What is it, and how does it work? Does it allow you to do anything you could otherwise need a Rooted device for? In that sense, is it unsafe / something Google will try to block in the future?
It's not unsafe. You have a version on playstore. Basically, it allows you to use privileged APIs which would need manually using ADB or root. Some of my apps like Darq, droid-ify, takostats, and lemmy-redirect use it perform actions like enabling link handling, performing app installation, applying force dark mode without requiring root, etc.
Here's the description pulled from fdroid:
using system APIs directly with adb/root privileges from normal apps
When developing apps that requires root, the most common method is to run some commands in the su shell. For example, there is app uses pm enable/disable command to enable/disable components. This method has very big disadvantages:
• Extremely slow (Multiple process creation)
• Needs to process texts (Super unreliable)
• The possibility is limited to available commands
• Even if adb has sufficient permissions, the app requires root privileges to run
Shizuku uses a completely different way. The most important feature Shizuku provides is something like be a middle man to receive requests from the app, sent to the system server, and send back the results. To the app, it is almost identical to the use system APIs directly. But it's much faster as it hooks into the system directly.

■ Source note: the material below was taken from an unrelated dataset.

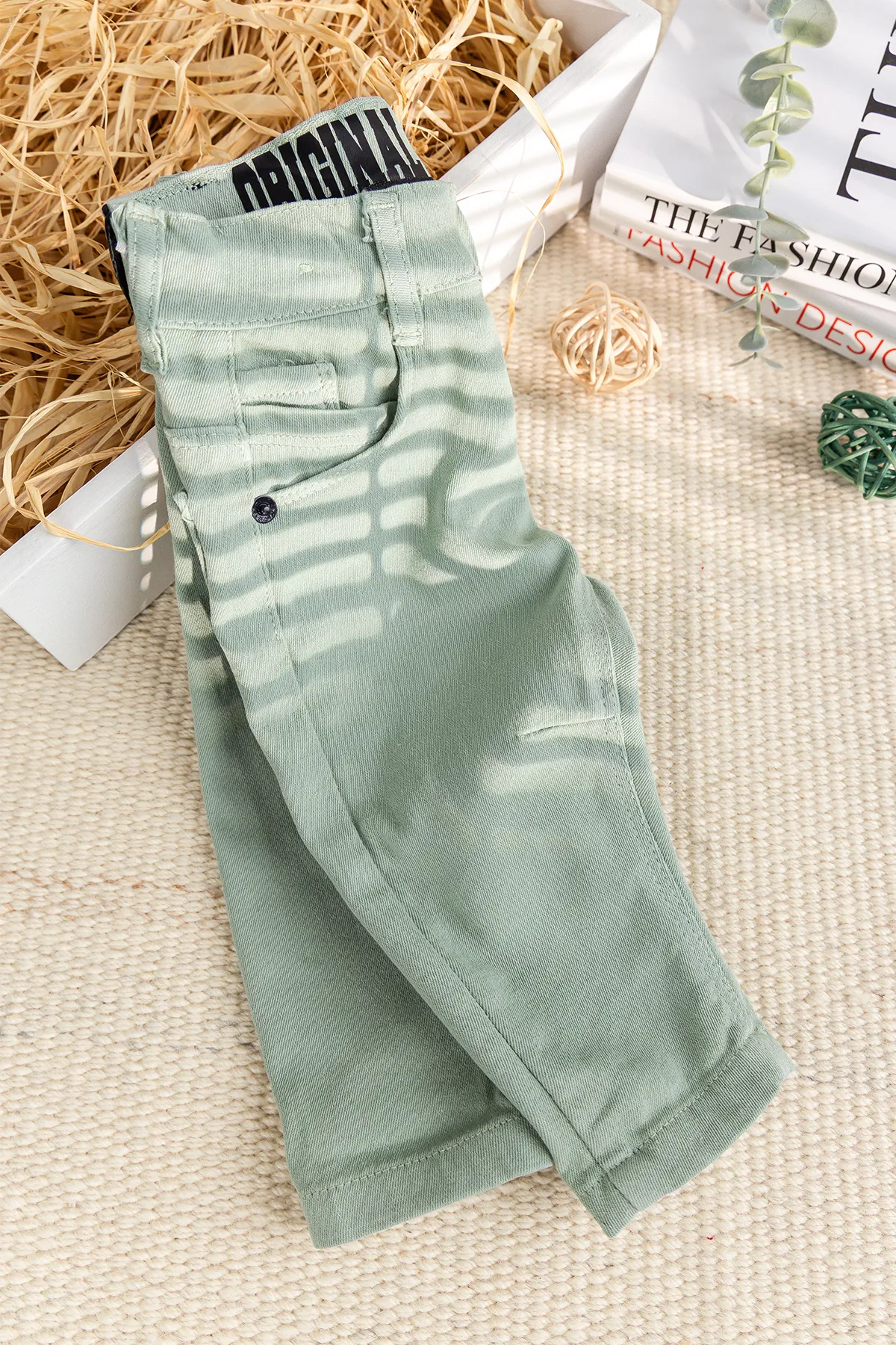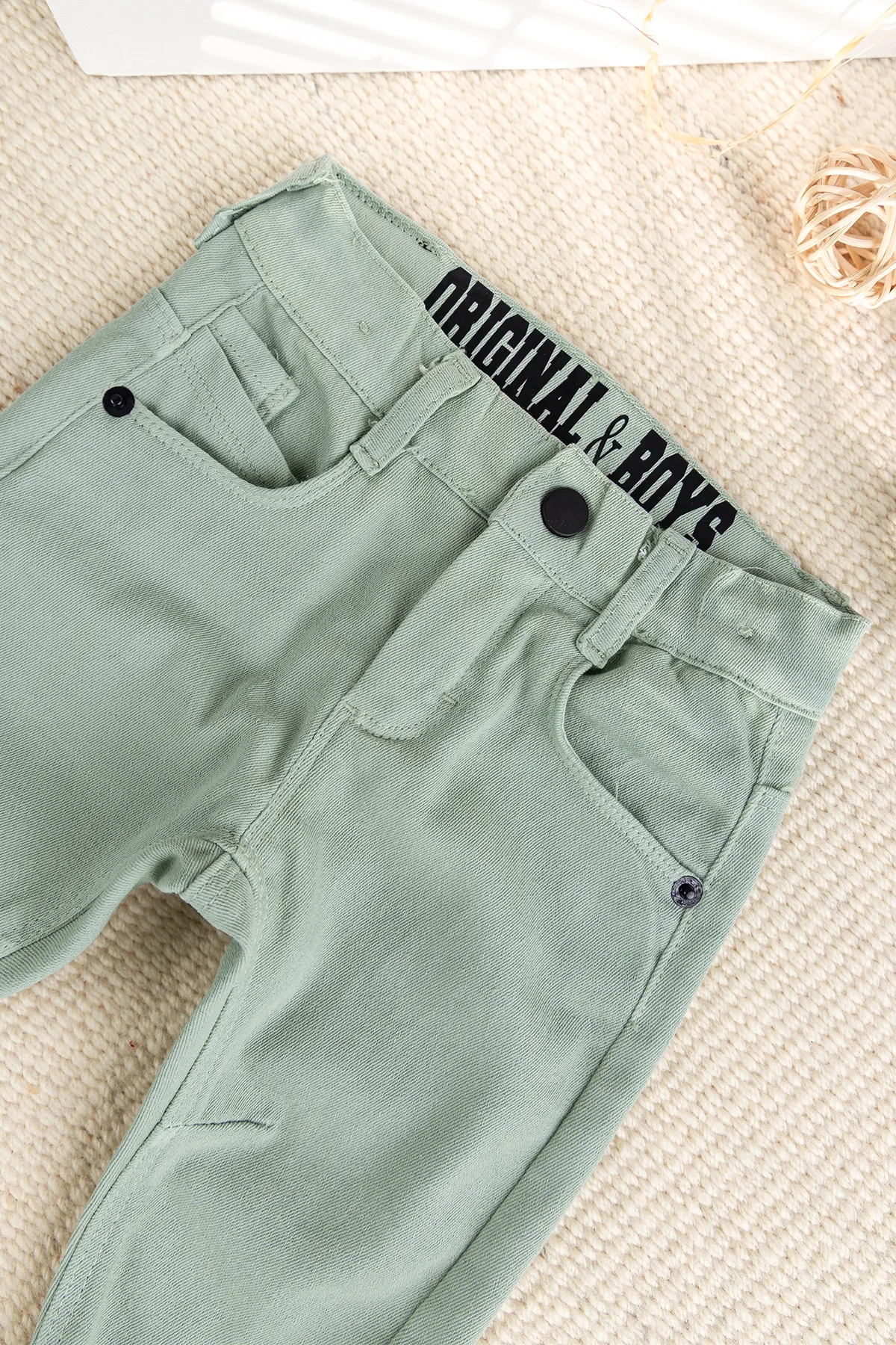 - Erkek bebek pantolon keten yumuşak dokulu pamuklu kumaştan üretilmiştir.

Note that it is, however, unfree software, not FOSS:
For the project as a whole, it is not free.
You are FORBIDDEN to distribute the apk compiled by you
(including modified, e.g., rename app name "Shizuku" to something else)
to any store (IBNLT Google Play Store, F-Droid, Amazon Appstore etc.).
The readme says licensed under Apache-2.0. The license itself allows modification and redistribution with some conditions. unless only parts of the source code are free. It should not be forbidden just because he says so. He does say image files may not be used unless for displaying shizuku. Regardless, it leaves a sour taste in the mouth.
The readme also states that you are not allowed to distribute built artifacts and that makes it unfree.
Free software OTOH must allow you to do anything you want with the covered software as long as you fulfil the duties the license requires of you.
See for instance requirement 3 of the OSI's Open-Source Definition.
The readme says licensed under Apache-2.0. The license itself allows modification and redistribution with some conditions. unless only parts of the source code are free. It should not be forbidden just because he says so. He does say image files may not be used unless for displaying shizuku. Regardless, it leaves a sour taste in the mouth.